## PROBLEM DESCRIPTION
From first line to last, copy the listing exactly and omit its pictures.

## SUPPLIED INFORMATION
▬▬▬
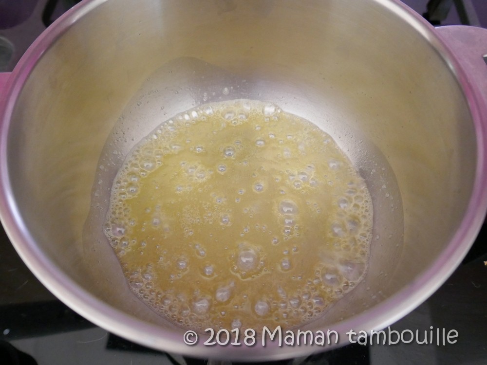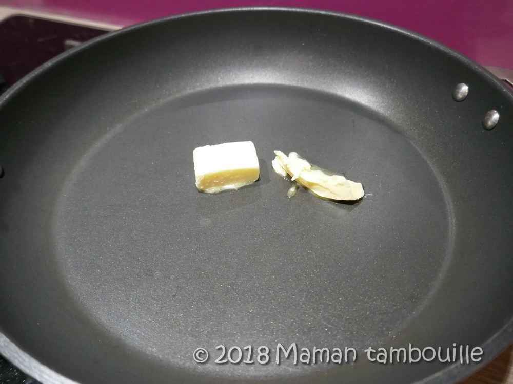 Faire fondre le beurre dans une casserole jusqu’à ce qu’il crépite (il ne doit pas brunir par contre).
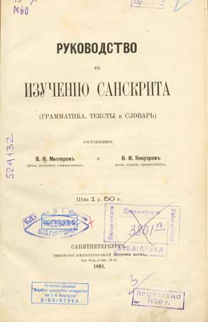 Руководство к изученiю санскрита : (грамматика, тексты и словарь) / составленное В. Ф. Миллером и Ф. И. Кнауэром. - Санктпетербург, 1891 (Типографiя Императорской Академiи Наук). - VIII, 157 с.
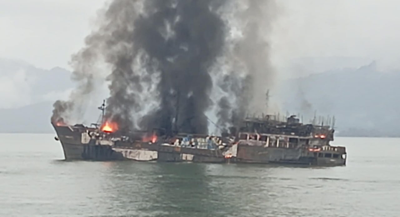 昨天(12月13日)早上6点左右,在德林达依省 高当 တော်ဝင်码头附近海域,一艘货船发生火灾事故。
▬▬▬
## SOLUTION TO THIS EXERCISE
 Faire fondre le beurre dans une casserole jusqu’à ce qu’il crépite (il ne doit pas brunir par contre).
 Руководство к изученiю санскрита : (грамматика, тексты и словарь) / составленное В. Ф. Миллером и Ф. И. Кнауэром. - Санктпетербург, 1891 (Типографiя Императорской Академiи Наук). - VIII, 157 с.
 昨天(12月13日)早上6点左右,在德林达依省 高当 တော်ဝင်码头附近海域,一艘货船发生火灾事故。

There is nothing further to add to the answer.